Wesley L. Hicks, Jr., D.D.S., M.D. [http://www.roswellpark.org/document_3544_634.html]

Wesley HicksDepartment of Head and Neck Surgery
ENT and Head and Neck Surgery
Roswell Park Cancer Institute
Elm & Carlton Street
Buffalo, NY  14263
Tel: (716) 845-3158


Currently, there is an incomplete understanding of the cellular dynamics associated with reepithelialization after injury, a necessary and critical component to organ integrity. The Hicks group has hypothesized that reepithelialization can be enhanced by selectively releasing cytokines and growth factors from bioengineered constructs. They have been engaged in studies to identify those specific growth factors and cytokines important to enhancing cellular migration and proliferation after injury. To initiate these studies, the Hicks group has developed considerable expertise in primary cell culture models.

In addition this laboratory has undertaken to study the role that the basement membrane plays in the attenuation of injury and the enhancement of reepithelialization. Though their studies are applicable to multiple organ systems, they have chosen respiratory epithelium as a model system because of its functional and physiologic complexity.

Preliminary data from this group indicate that the respiratory epithelial cells initiate an autocrine intra-epithelial repair process in response to injury by expressing proteins that have known mitogenic and motogenic activity.

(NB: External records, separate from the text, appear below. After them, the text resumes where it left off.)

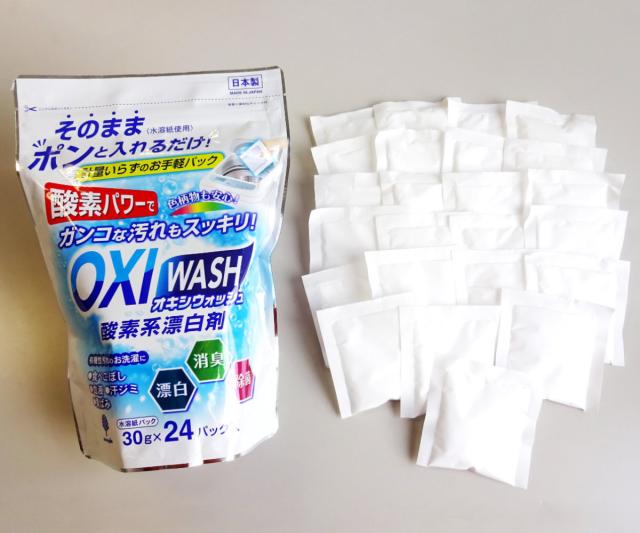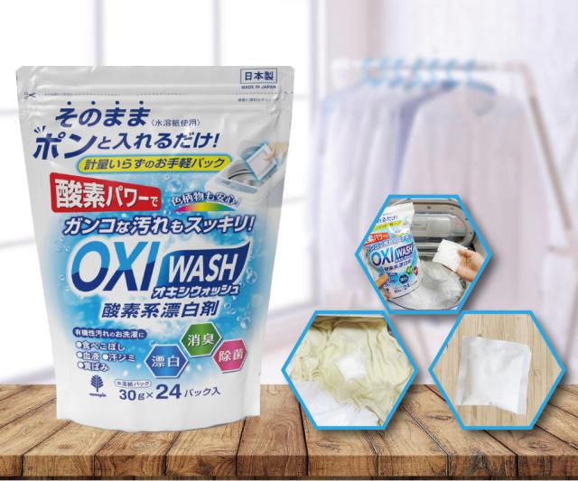 オキシウォッシュ 酸素系漂白剤 30g 24個入 ( OXIWASH オキシ 洗濯洗剤 個包装 粉末 弱アルカリ性 色柄OK 日本製 衣類 洗濯 洗剤 消臭 漂白 除菌 食べこぼし 血液 汗ジミ 黄ばみ )
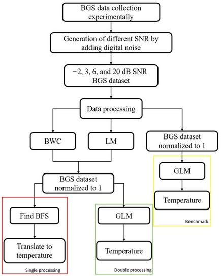 Once the data of five different temperature conditions have been collected experimentally, the BGS is distorted by digital noise as described in the previous section. There are four different values of SNR that had been generated through digital noise: −2, 3, 6 and 20 dB, comprising four datasets with five different temperature conditions in each of the datasets. The complete steps of the whole data processing areas are visualised in Figure 6. Once the added digital noise dataset is generated, the following step is processing the spectra with the LCF- and correlation-based methods: LM and BWC. The purpose of this step is to improve the noisy spectra by replacing them with a smooth Lorentzian curve. Next, the new spectra are normalized to unity for better efficiency when using the machine learning method in the later stage.
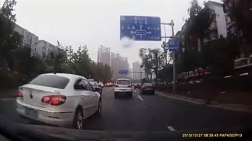 这碰瓷看的也醉了 路中间华丽转身坐上车盖

They are presently studying the signaling cascade that initiates the expression of these factors and determining their individual and combined effects on the rate of migration/proliferation. To enhance reepithelialization, cells must first adhere to the surface over which they will then migrate. The integrins are prominent class of heterodimeric cell surface receptors that mediate cell-cell and cell-extracellular matrix interactions. Given this, the Hicks group has undertaken the analysis of integrin expression after injury.